The first step, hydrothermal synthesis reaction prepare base mateiral LiMn
0.6Fe
0.4PO
4(Li:M:P=3.00:1.00:1.03, x=0.6)
Taking by weighing 44.5kg is the FeSO of 0.16kmol
47H
2O and 40.56kg are the MnSO of 0.24kmol
4H
2O is water-soluble, and is diluted to 400L, leave standstill 2 hours after, filter with accurate filter, remove a spot of insolubles; Taking by weighing 47.5kg 85% phosphoric acid is the phosphoric acid of 0.412kmol, is the LiOHH of 1.05kmol with 44.2kg
2O is water-soluble, and is diluted to 400L.Filter standby with accurate filter.
Vacuumize earlier, feed oxide gas again and purge reactor to remove clean air in it, the air outlet adds water seal with sealing autoclave, opens charging valve, under the room temperature, adds phosphoric acid earlier, adds the mixing solutions of ferrous sulfate and manganous sulfate again.Start stirring, rotating speed is 200rpm, and lithium hydroxide solution is added in the reactor, and the reinforced time is 3 minutes.Sealing autoclave then, the temperature of setting thermal oil is 300 ℃, in 1 hour temperature is risen to 150 ℃ (this moment, corresponding autogenous pressure was 0.48Mpa), reacted 4 hours, and be cooled to 80 ℃, open bleeder valve, filter slip, and with deionized water wash to can't check sulfate radical.Mother liquor send storage tank standby (evaporating Lithium Sulphate recycles), and filter cake carries out next-step operation.
In second step, mix and drying with organism.

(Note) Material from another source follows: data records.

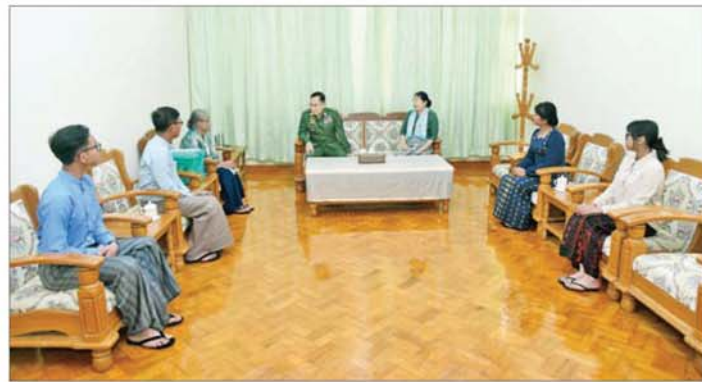
နိုင်ငံတော်လုံခြုံရေးနှင့် အေးချမ်းသာယာရေးကော်မရှင် ဒုတိယဥက္ကဋ္ဌ ဒုတိယတပ်မတော်ကာကွယ်ရေးဦးစီးချုပ် ဒုတိယဗိုလ်ချုပ်မှူးကြီး စိုးဝင်းနှင့် ဇနီး ဒေါ်သန်းသန်းနွယ် (၈၁) နှစ်မြောက် တပ်မတော်နေ့ အခမ်းအနားသို့ တက်ရောက်ကြမည့် အငြိမ်းစားတပ်မတော်အရာရှိကြီးများနှင့် ဇနီးများအား သွားရောက်တွေ့ဆုံ ဂါရဝပြုနှုတ်ဆက်စဉ်။
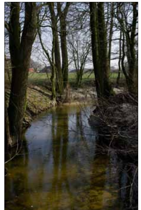
Die Vechte: Heimat der Groppe

Für eine stilvolle Stärkung bietet sich ein Bauerncafé an, das in dem rund 300 Jahre alten denkmalgeschützten Torhaus des ehemaligen Hofes Ruck untergebracht ist. Kurz danach überqueren wir eine Bahnlinie, auf der 1984 der letzte Zug verkehrte. Auf der Strecke zwischen Rheine und Billerbeck schnaufen statt Dampflok zukünftig Radfahrer, denn aus dem Schienenweg wird sukzessive ein Fahrradweg. Nicht weit von der Brücke befindet sich vor Horstmar in einem tiefen Einschnitt der
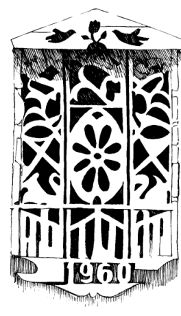
Fig. 10. Lucarnă. s. Crihana Veche Foto V. Malcoci.

La rândul său, timpanul frontonului, încadrat de cornișe bogat profilate, este la fel frumos împodobit cu imagini ale Pomului vieții, figuri zoomorfe și simboluri solare. Ele sunt structurate, expuse în compoziții logice, manifestând diferite concepții și structuri mitofolclorice din cultura românească.
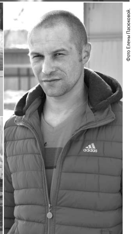
Люди на Тыгшской территории живут по-разному, но большинство из них к жизни относится с оптимизмом.
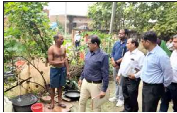
निरीक्षण करते अधिकारी।

बरहट गांव में 92 परिवारों को नल संयोजन प्रदान किया है। जल आपूर्ति की नियमितता सुनिश्चित करने बाबत संबंधित अधिकारियों व पम्प ऑपरेटर के मोबाइल नंबर ग्राम सभाओं में
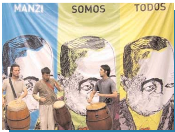
Maderas del Río de la Plata

boedo@redculturaboedo.com.ar www.redculturaboedo.com.ar
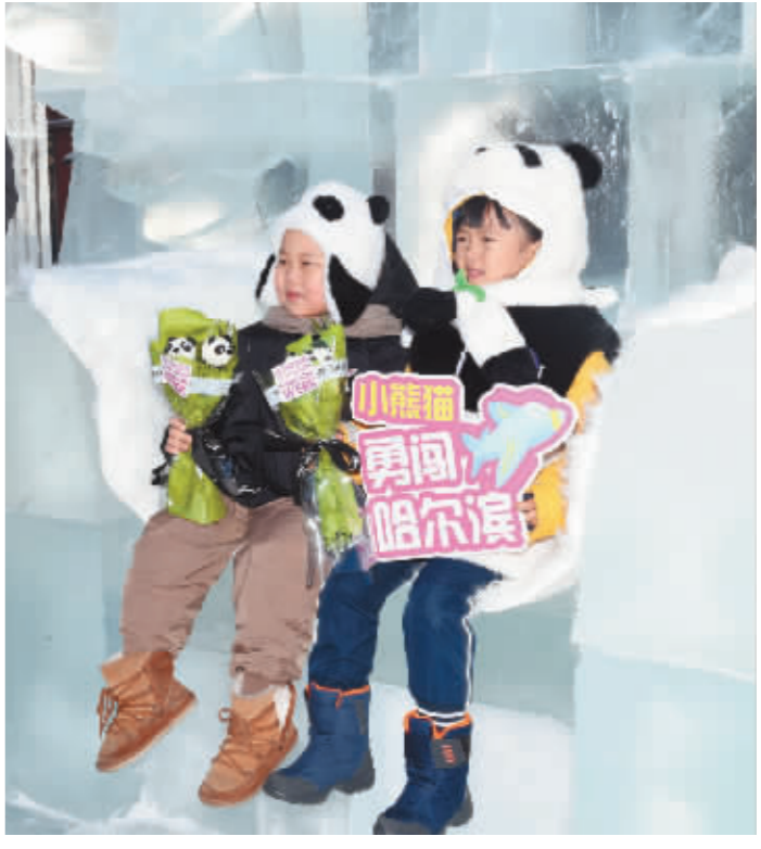
“小橙子”和“小熊猫”坐上“冰雪女王座”。
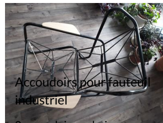
Accoudoirs pour fauteuil industriel

2 accoudoirs en bois pour fauteuil en métal.
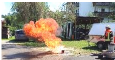
Bericht und Bilder: Feuerwehr Osterbuch

Mit strahlenden Gesichtern und bleibenden Eindrücken traten die Kinder nun den Heimweg an.
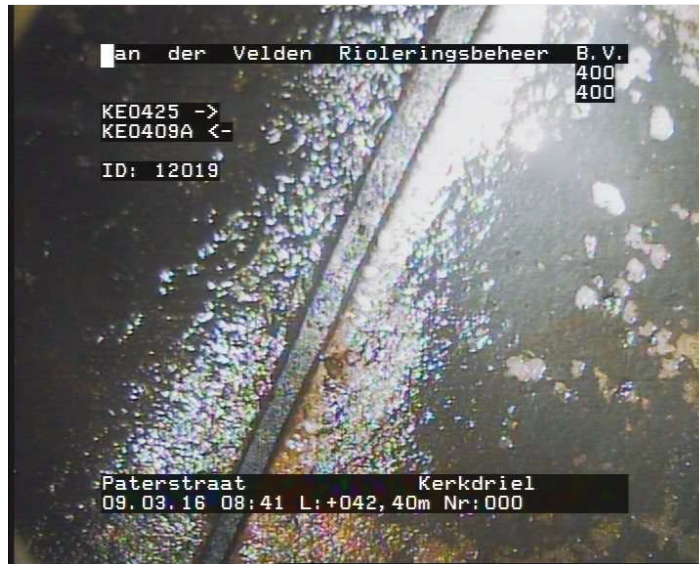
42.40 m1 Foto 030948412: Verplaatste verbinding Hoekverdraaiing
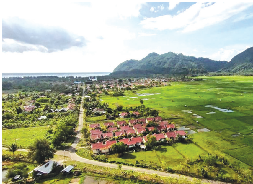
Kondisi Lampuuk setelah 13 tahun bencana Tsunami.

pohon cemara yang ditanam dan sawah-sawah yang menghijau membuat Lampuuk sangat indah. Sekarang, Lampuuk sudah berbeda sekali. Rumah-rumah bantuan Turki dengan atap merah berjejer sepanjang jalan menuju pantai. Teman-teman juga bisa menginap di rumah itu dengan paket wisata yang ditawarkan oleh masyarakat. Di rumah-rumah masyarakat tersebut, teman-teman dan keluarga bisa menginap dan merasakan makanan-makanan khas Aceh mulai dari kuah pliek , keumamah , dan timphan . Wow, lezat sekali.
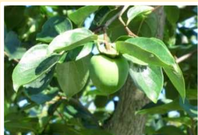
インゲン畑、名産の柿
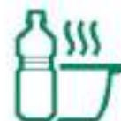
HUILES DE FRITURE
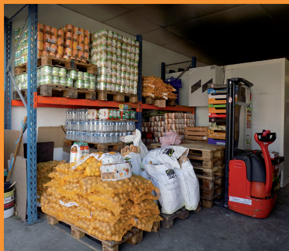
Dons alimentaires stockés dans l'entrepôt des Restos.

L'année 2017 est annoncée comme une année sociale. L'ouverture d'un centre social n'est qu'une partie de l'action menée à Marmande. Quelques éclairages et paroles d'acteurs locaux.
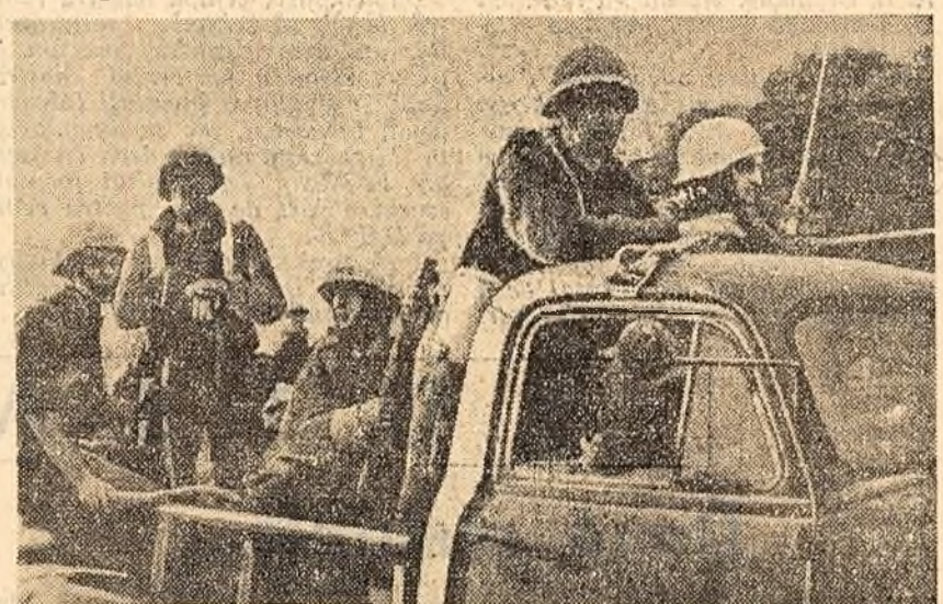
Unități polițienești motorizate, înarmate pînă în dinți, (așa cum se vede în fotografia de mai sus) sînt folosite de colonialiștii englezi pentru a înăbuși lupta de eliberare națională din Rhodesia.
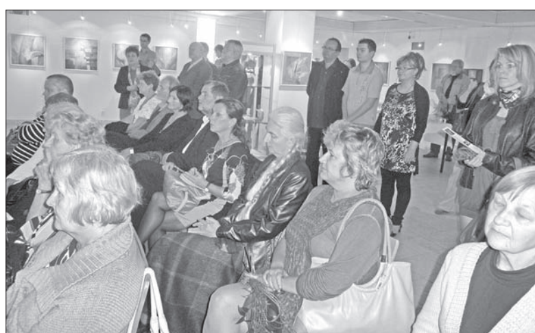
Goście wernisażu w Sali Wystaw im. Josefa Mánesa.

After measuring the solid content of wet cake, obtain the 62.6kg product in butt.Take by weighing 4kg dextrose anhydrous and 2.3kg water dissolvable starch, mix, add water 226kg water, stir with wet cake, be made into the slip that contains dry labor thing 30%, dry in air atmosphere with centrifugal spraying drying, 350 ℃ of air inlet temperatures, 120 ℃ of air outlet temperatures obtain white powder, i.e. LiMn
0.6Fe
0.4PO
4/ carbon source mixture.
In the 3rd step, carbon coats to be handled
LiMn with the second step gained
0.6Fe
0.4PO
4/ glucose composite powder in 750 ℃ of roastings 6 hours, naturally cools to below 150 ℃ under the oxide gas protection, opens calciner, and discharging behind 325 mesh sieves, obtains the iron manganese phosphate for lithium product LiMn that carbon coats excessively
0.6Fe
0.4PO
4/ C.
Fig. 1 is the X-ray diffracting spectrum of product of the present invention.Wherein the collection of illustrative plates of x=0.6 is the XRD figure spectrum of present embodiment, and it is identical with the standard spectrum (PDF#40-1499) of the top.As can be seen from Figure 1, diffraction peak is sharp-pointed, illustrates that the present embodiment product is the iron manganese phosphate for lithium thing phase of single olivine structural, and the well-crystallized of product.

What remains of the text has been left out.